Based on what we see in Quickbooks and other financial packages - Fiscal
Year is the term to use here in the US. Fiscal Year is synonymous with an
annual accounting period for record keeping.

An executive would say - "our Fiscal Year results for 2010 are $XXX,XXX,XXX
dollars", even though they may be running on what is called a "Calendar
year" schedule.

See the definitions below from our IRS.

In the US, companies have to select one of two accounting period methods in
which to keep books and then report income taxes annually to our Internal
Revenue Service.

>From the IRS.

You must figure your taxable income on the basis of a tax year and file an
income tax return.
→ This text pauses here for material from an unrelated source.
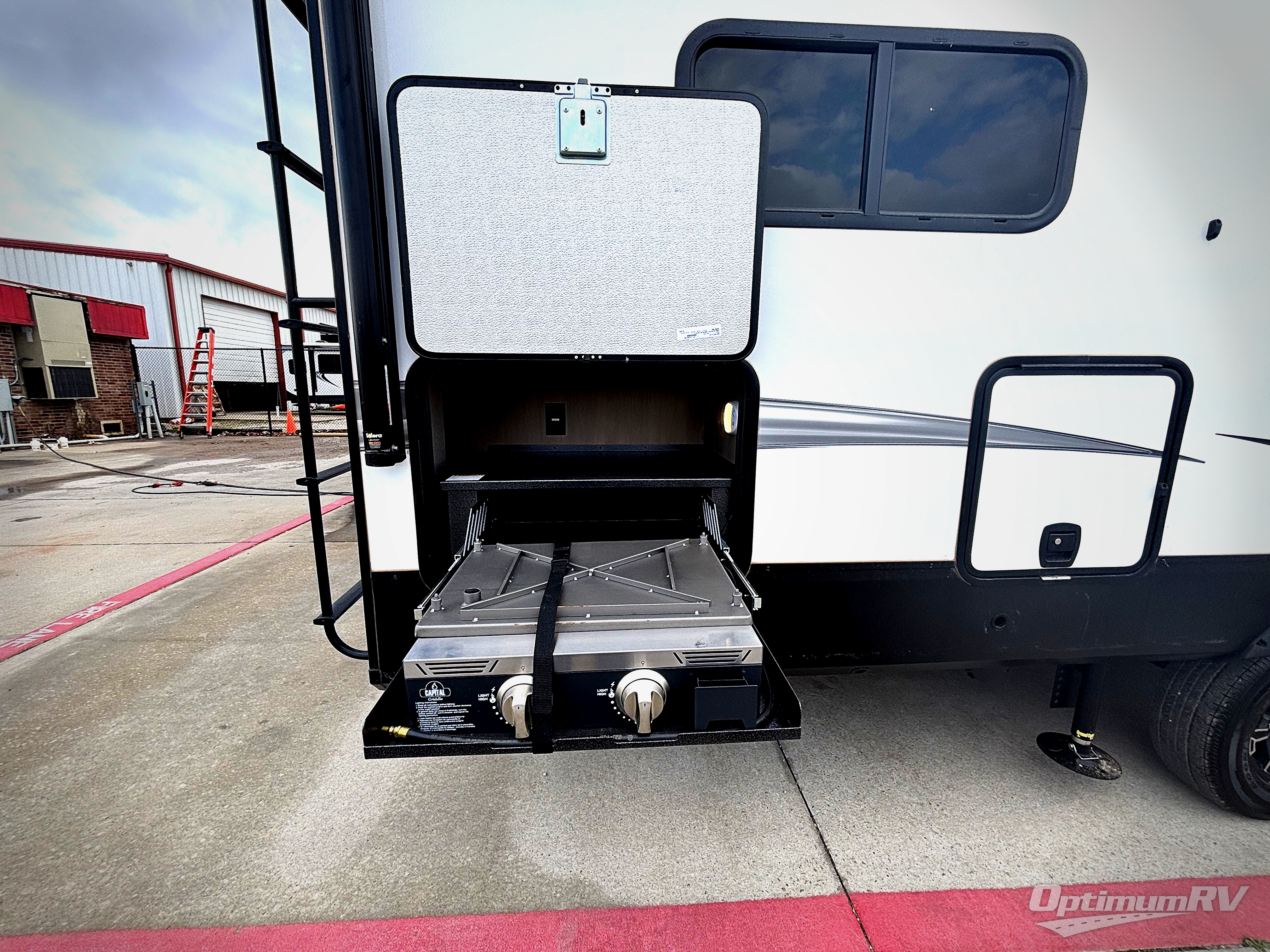 Your short bed truck will love this fifth wheel with swivel pin box and a 90 degree turning radius without a slider hitch. You will love this fifth wheel featuring a single slide for added interior living space and all the comforts and conveniences it provides you while you travel. The slide features a 78" theater seat plus there is a breakfast nook for more seating. Both can easily view the entertainment center with 40" TV. A rear kitchen indoors provides everything you need to create meals like home while on the road, and if you want to spend as much time outside as possible, then the outdoor griddle will certainly accommodate you for meals. Up front, a cozy private bedroom with queen bed, wardrobe, and overhead cabinets. Right next door, you will find a large walk-in shower with skylight for more natural lighting, as well as a toilet, and a vanity with sink and linen cabinet for your towels and toiletries. This unit offers ample storage both inside and out. You will love the full unobstructed pass-through compartment for all of your gear, plus so much more!
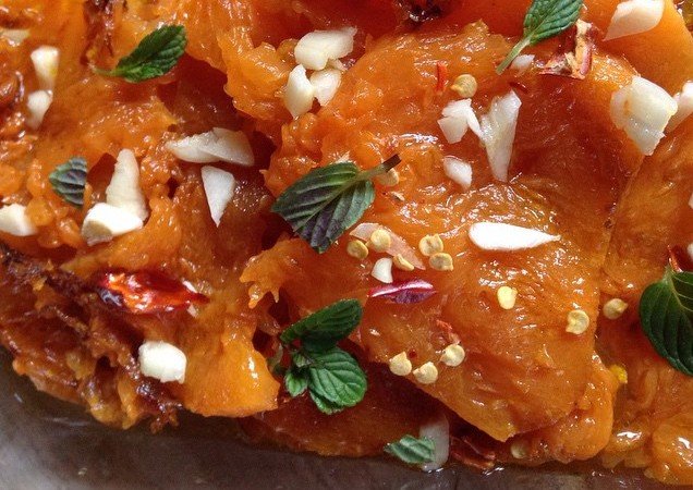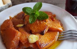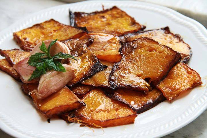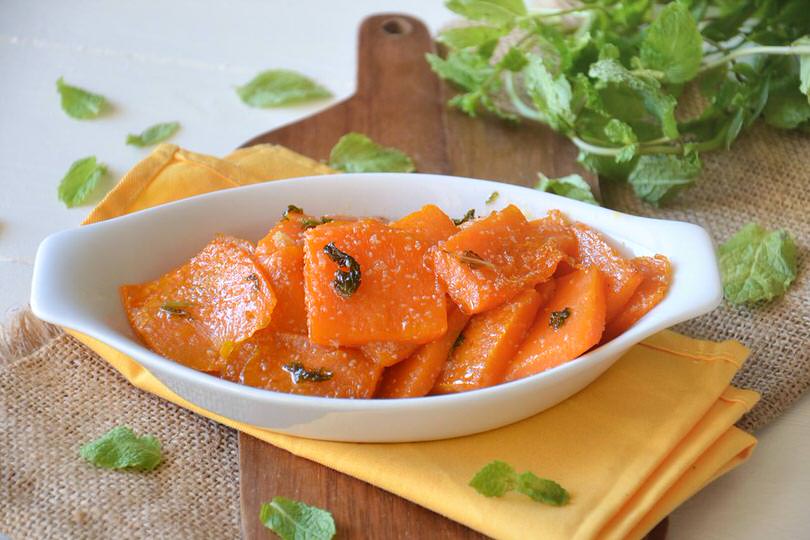 Tagliate a fette la zucca e salatela. Rosolate in olio d’oliva gli spicchi d’aglio che toglierete quando imbiondiranno e metteteli da parte. Friggetevi la zucca e rimettete l’aglio.Unite l’aceto e lo zucchero, fate bollire, quindi spegnete il fuoco. Sistemate la zucca in un piatto da portata dove la condirete con l’olio di frittura, gli spicchi d’aglio e le foglioline di menta.

A “tax year” is an annual accounting period for keeping
records and reporting income and expenses. An annual accounting period does
not include a short tax year. The tax years you can use are:

   - *Calendar year* - A calendar tax year is 12 consecutive months
   beginning January 1 and ending December 31.
   - *Fiscal year* - A fiscal tax year is 12 consecutive months ending on
   the last day of any month except December. A 52-53-week tax year is a fiscal
   tax year that varies from 52 to 53 weeks but does not have to end on the
   last day of a month.

Fiscal Year is fine from our perspective - as in usage it encompasses both
calendar year and fiscal year - and is what the other accounting packages
use (Microsoft, Sage, etc).

David Mitchell
President
NovaPoint Group LLC


On Fri, Nov 19, 2010 at 4:10 AM, Geoff Gardiner <geoff.gardiner@xxxxxxxxx>wrote:

> When you are presenting to a UK or US audience, the system should not need
> translating. (I have never heard of Fiscal being used in this context, for
> example, so would prefer Financial.) I recommend that Fiscal or Financial
> should follow whatever Sage or QuickBooks, etc, use.
>
> Regards,
> Geoff
>
> 2010/11/18 Paulino Ascenção <676922@xxxxxxxxxxxxxxxxxx>
>
> The terms may not be the most commonly used in some countries, like mine,
>> but the translations don't have to be literal.
>> This is not an issue!
>>
>
> When you are translating, this is not an issue, I agree.